Ideally this is automatic.

Priority:
In the order above: A, B then C:
Use (A) 120v power supply if it is powered up
else use (B) the alternator supplied power if the vehicle is running
else use (C) the 12v "house" battery

My head is spinning from the research I've been doing. (I'm a relative novice when it comes to DC electrics.)
Diodes, relays, charger controller...?

I'm not looking to cobble together a huge wiring project. If there is a device that'll do this that is not $$$$$ I'll be good with that. That said I'm not afraid to wire up some relays or even diodes if that is a "better" solution.

The attached diagram shows the "?????" that I am needing to solve.

Thanks folks.

 

Priority:
In the order above: A, B then C:
Use (A) 120v power supply if it is powered up
else use (B) the alternator supplied power if the vehicle is running
else use (C) the 12v "house" battery

You actually said how I would likely approach this. The keyword is not so much else but if. I would just use a simple uC (micro-controller) for the decision making. Just figure a way to provide some digital inputs. If 120 VAC available is True then do this. Else If Vehicle Running then do this. Else If ... you get the idea. Then use three digital outputs to switch your sources. You will want three contactors capable of handling the loads on your fuse panel. Can this be done using discrete components?

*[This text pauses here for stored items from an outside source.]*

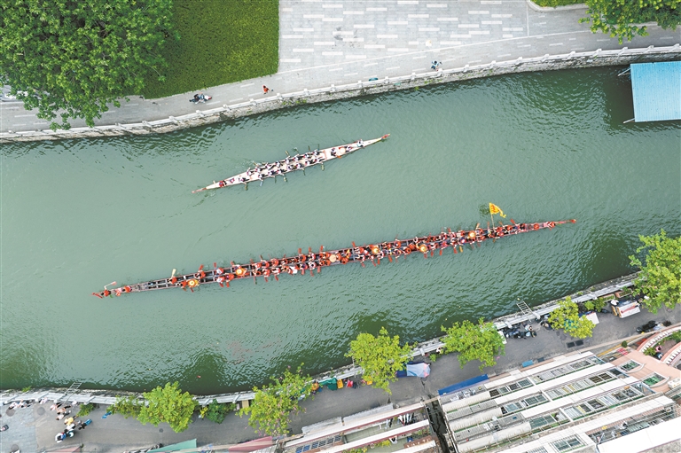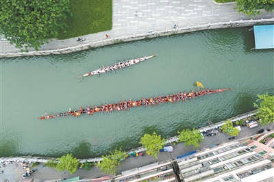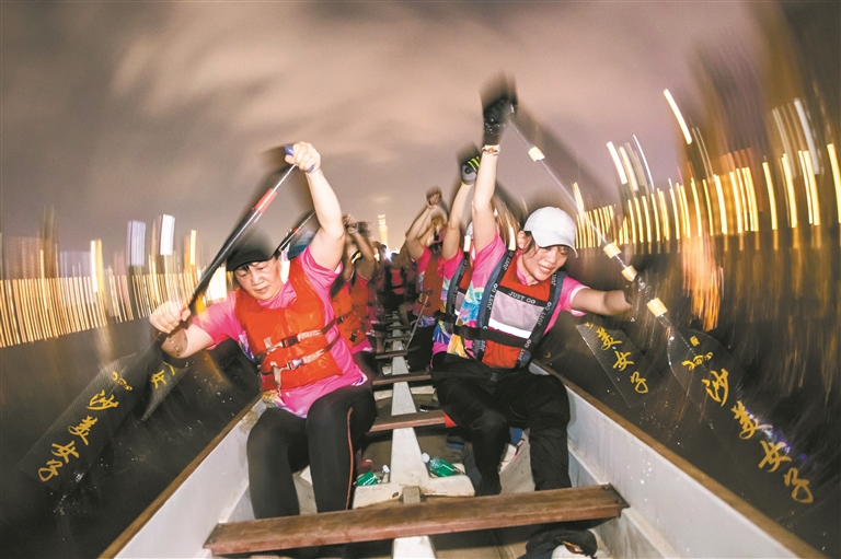 一旦上了龙舟,笑脸会突然收住,神情转为专注。执桡、下腰、插桡、起桡……每个动作都迸发着刚劲的力量,伴随着整齐划一的口号声,龙舟逆水前行,仿佛要在水面上掀起一场“惊涛骇浪”。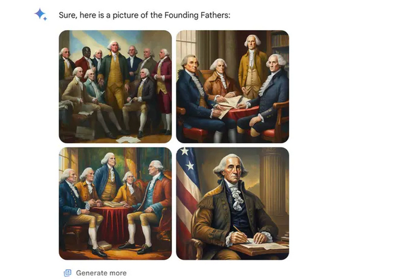 O Google disse que suspendeu parcialmente o gerador de imagens em seu chatbot Gemini depois que foi descoberto que ele continha imagens historicamente imprecisas de pessoas relacionadas a questões raciais. Assim, ao tentar retratar os pais fundadores americanos e os soldados da Alemanha nazista, ela parece subverter os estereótipos raciais e de gênero, o que é considerado uma tentativa de falsificar a história.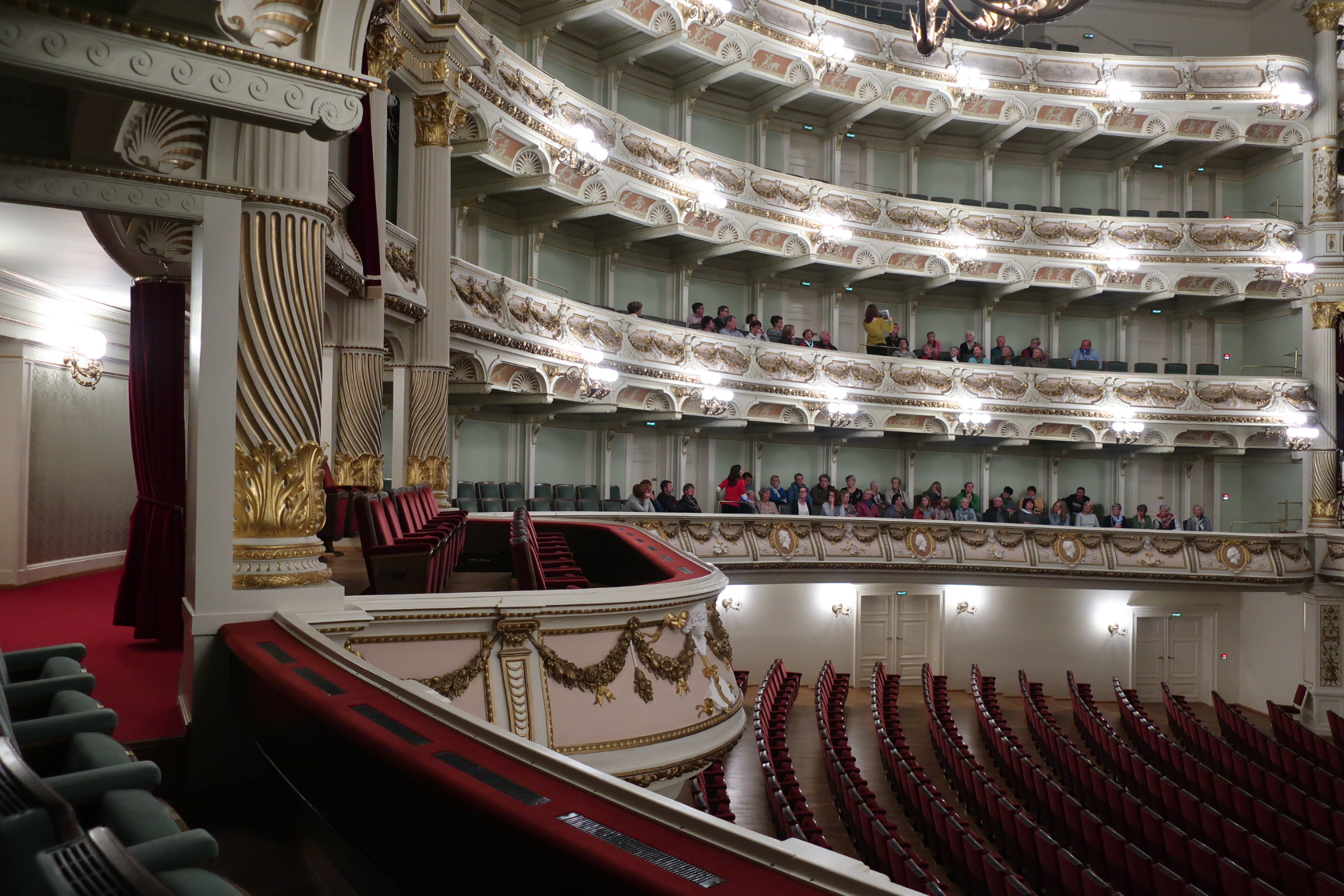 Die Semper Oper ist wunderbar ausgeschmückt und verziert. Die Rundgalerie lädt zum Verweilen zwischen den Vorstellungen ein. Der Opernsaal mit seinem großen Leuchter ist beeindruckend. Hier steckt viel Planung und Technik drin,um den Besuchern ein optimales Klangerlebnis zu bieten. Man kann sich gut vorstellen, wie eine Aufführung hier wirken muss.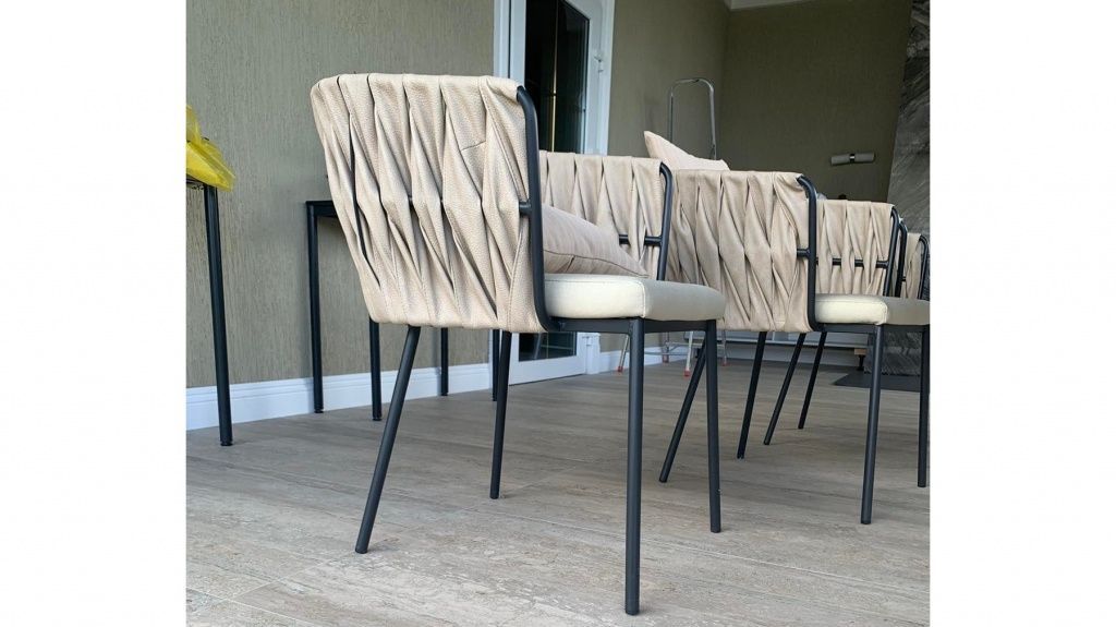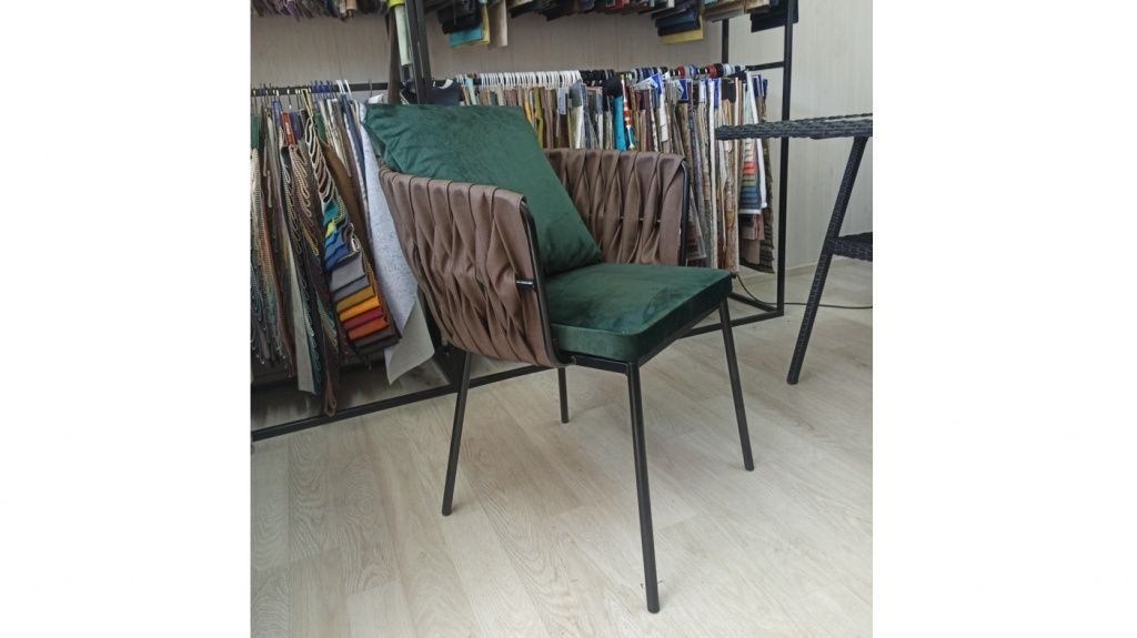 Спинка и подлокотники стула оплетены широкой лентой из натуральной или искусственной кожи. Роль мягкого элемента спинки выполняет аккуратная декоративная подушка.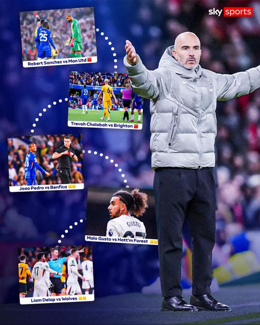 특히 첼시는 최근 9경기에서 5명이나 퇴장당했다. 마레스카 감독이 리버풀전에서 극장골에 기뻐하다가 테크니컬 에어리어를 벗어나 경고 누적으로 퇴장당했던 것까지 포함하면 레드카드만 6장을 받았다. 그가 델랍의 황당 퇴장에 이토록 화가 난 것도 이해가 가는 이유다.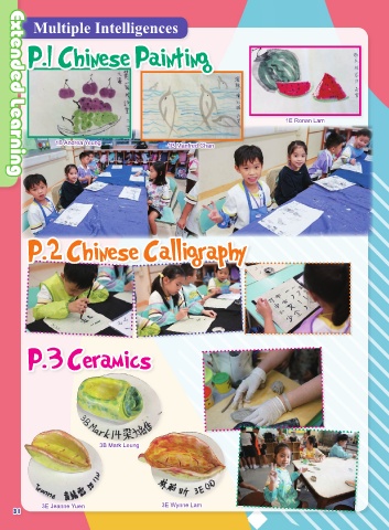 Multiple Intelligences P.1 Chinese Painting 1E Ronan Lam 1B Andrea Yeung 1B Manfred Chan Extended Learning P.2 Chinese Calligraphy P.3 Ceramics 3B Mark Leung 3E Jeanne Yuen 3E Wynne Lam 31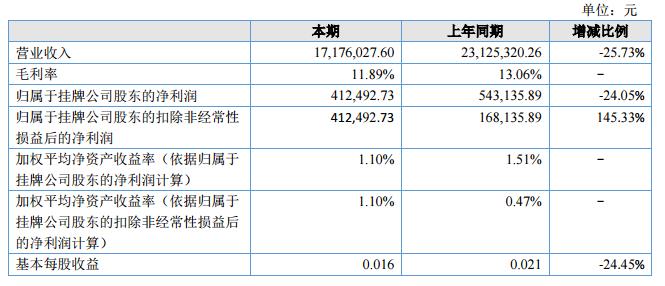 報告期內(nèi)公司實(shí)現(xiàn)營業(yè)收入17.176.027.60元,比去年同期減少25.73%,歸屬母公司凈利潤412,492.73元,同比減少24.05%,受中美貿(mào)易戰(zhàn)影響,今年公司訂單較往年減少,因此上半年盈利低于往年,下半年利潤增長也不容樂觀。?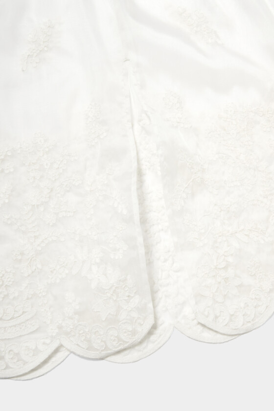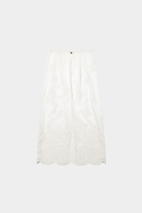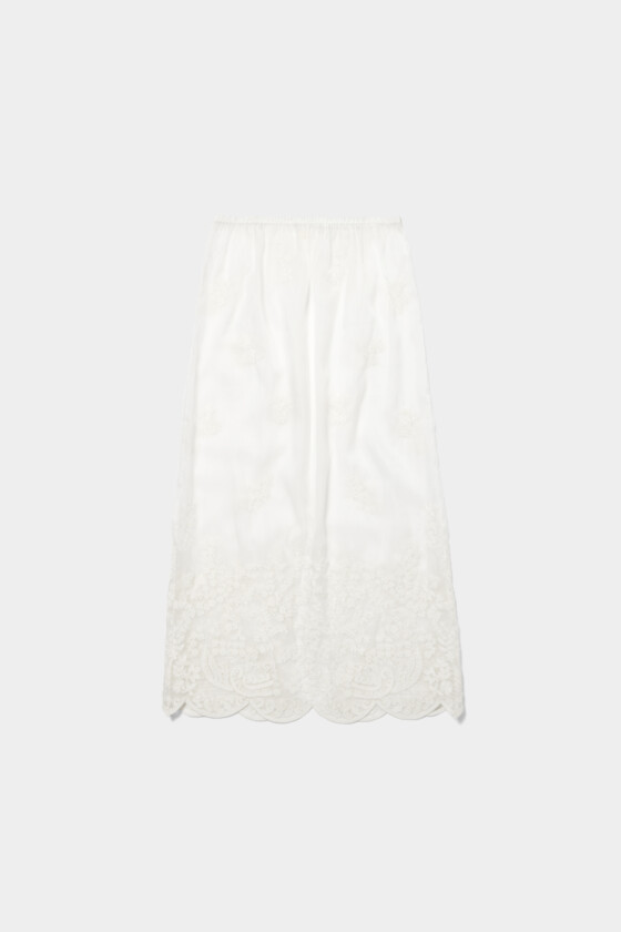 レギンスやパンツなど、どんなボトムとも合わせやすいシアー素材のスカート。軽やかに透ける質感がレイヤードスタイルに抜け感をつくってくれるので、シーズンレスで活躍しそう!刺繍は主張しすぎず、動くたびにさりげなく表情が出るのがキュート。甘くなりすぎず、清潔感のある印象にまとまるので、大人のスタイリングにも自然になじみます。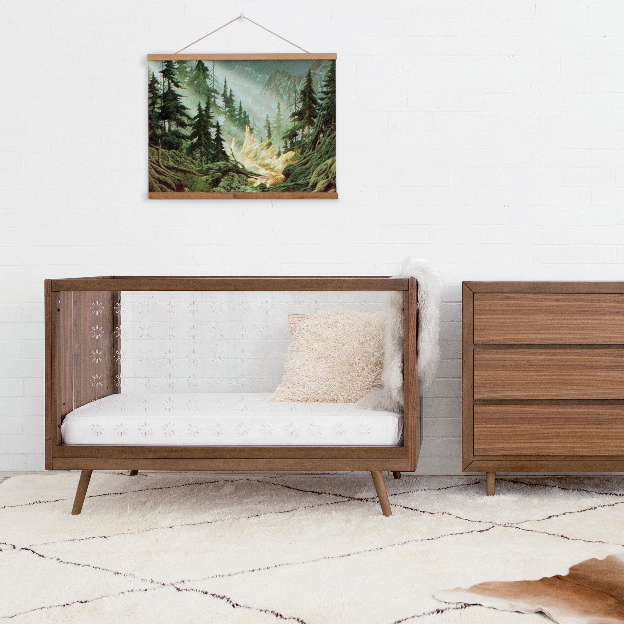Now your baby can see the world around them and you can keep an eye on them from afar. The Nifty Clear Crib combines the architectural lines of the mid-century aesthetic with contemporary clear acrylic sides, providing greater visibility for parents. A series of carefully designed star shapes have been laser cut out of the clear sides to allow for additional airflow, while still being small enough to keep little fingers safe.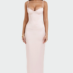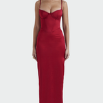 Elegantna saten haljina koja isijava sofisticiranost i bezvremensku finu. Njezina mekana tkanina harmonično obavija siluetu, dok minimalna linija čini da je idealna za svaku priliku. Savršena za večernje izlaske, vjenčanja ili elegantne pojave s diskretnom luksuzom.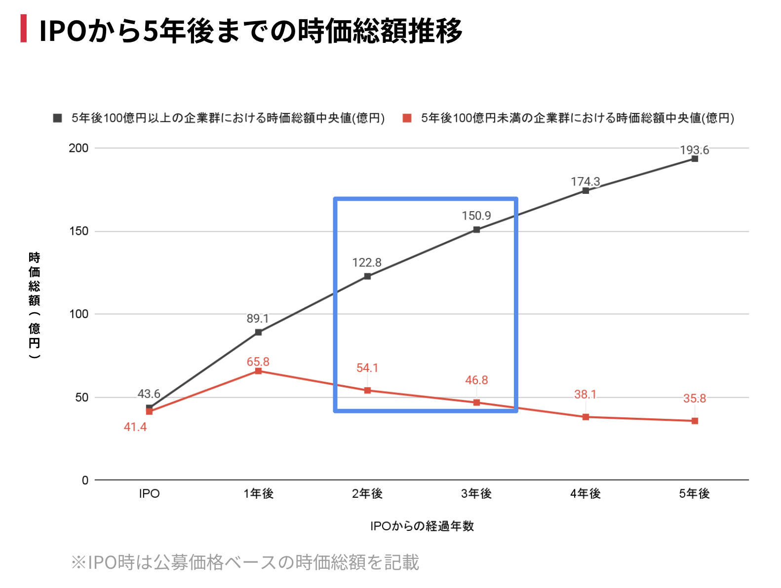 上場後に持続的に企業価値を高めていくためには、IPOの時点から数年間でどれだけ成長ストーリーを示せるかが重要になる。今回の分析では、上場2年目以降に時価総額の明暗がはっきりと分かれることが確認された。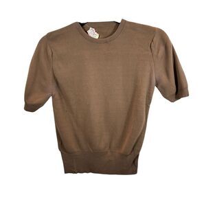 Ladies Vinatge Ban-Lon Brown Knit Short Sleeve Blouse Size Small
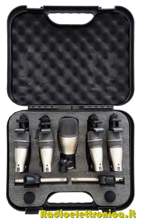 Il set di microfoni è composto da un microfono a tamburo Q71, quattro microfoni Q72 e due microfoni a condensatore C02.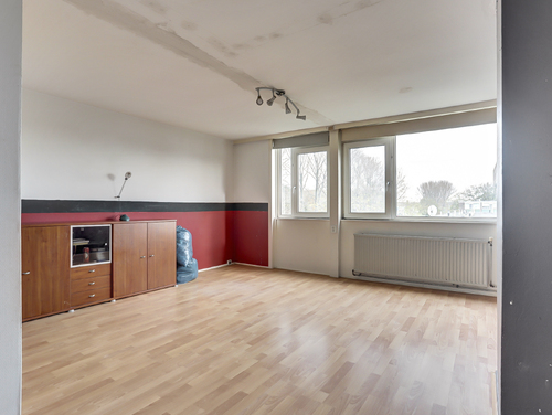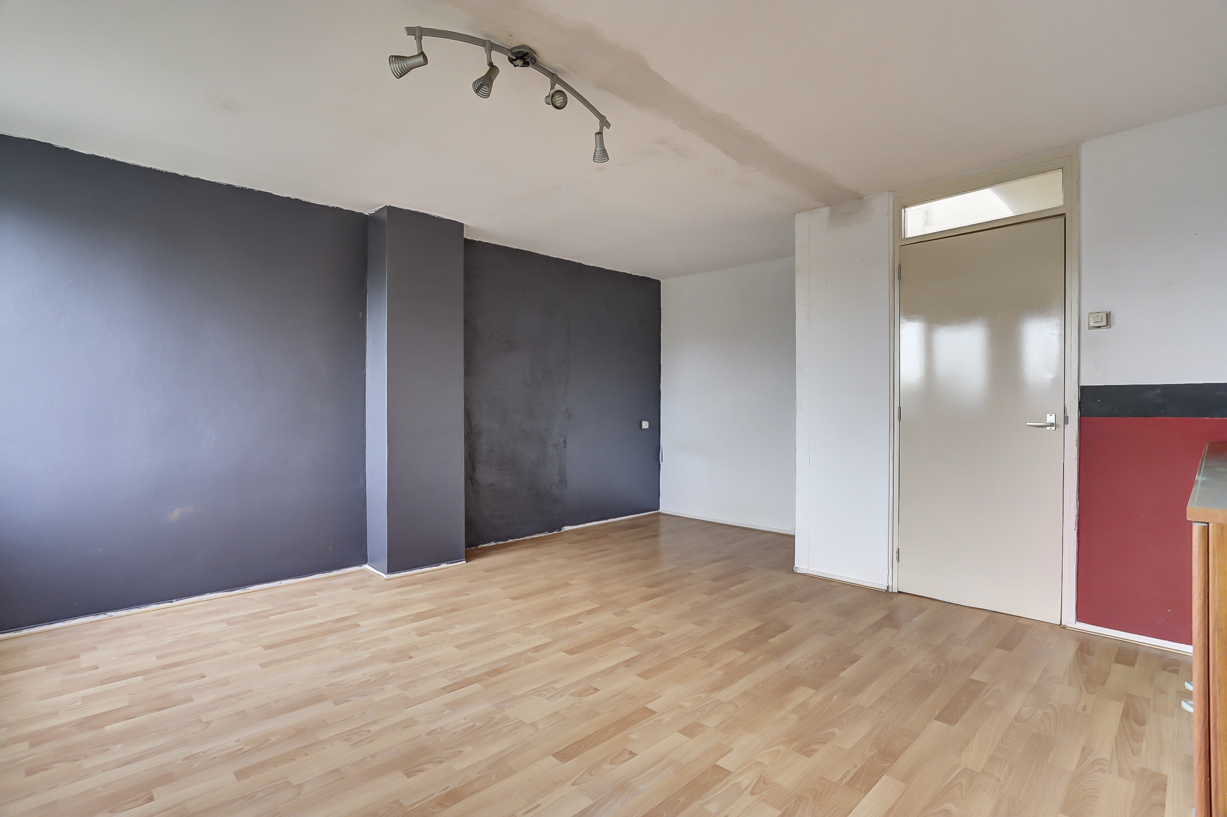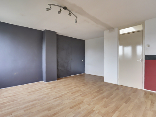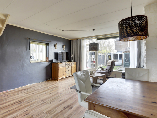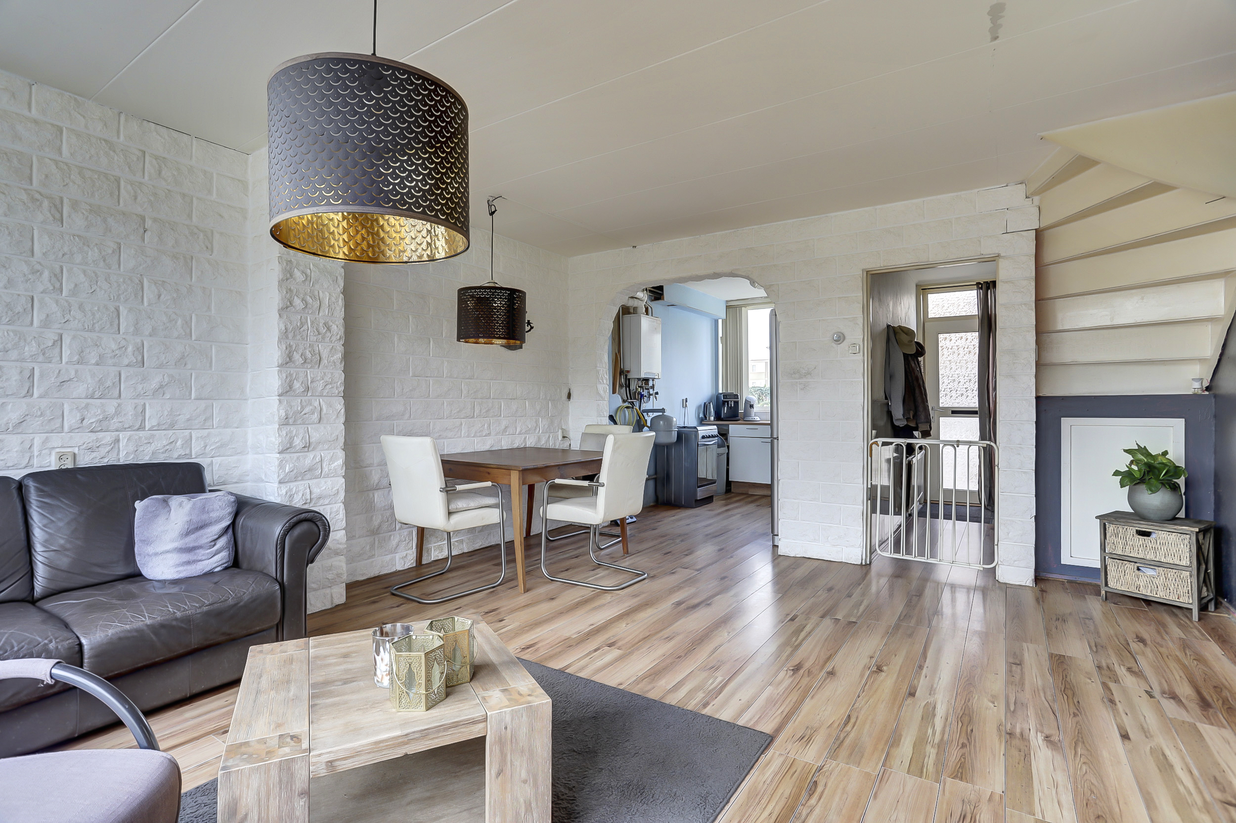 De woonkamer aan de achterzijde van de woning is ca. 5.18 m x 4.37 m groot en heeft uitzicht op - en een deur naar - de achtertuin. De woonkamer is daarnaast voorzien van een laminaatvloer, een zijraam en een open keuken.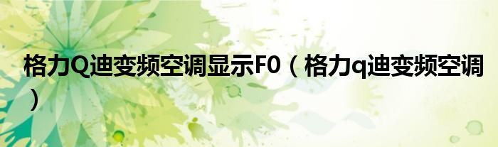 大家好,来宝来为大家解答以下问题,格力Q迪变频空调显示F0,格力q迪变频空调很多人还不知道,今天让我们一起来看看吧!

Yes, the logic can be worked out but you need a small mountain of parts. Letting a uC do the "thinking" seems an easier approach. Chips like Arduino and PICAXE come to mind and again it's a matter of mapping out the logic. Things like what if all three conditions are true? What if two out of three are true? Once things are mapped out the programming shouldn't be that difficult. We have some really good programming types in this forum. Me? I dabble in it. Anyway I would go the uC route but there are other ways. The three contactors need to handle the load and some overhead and also "continuous duty" types.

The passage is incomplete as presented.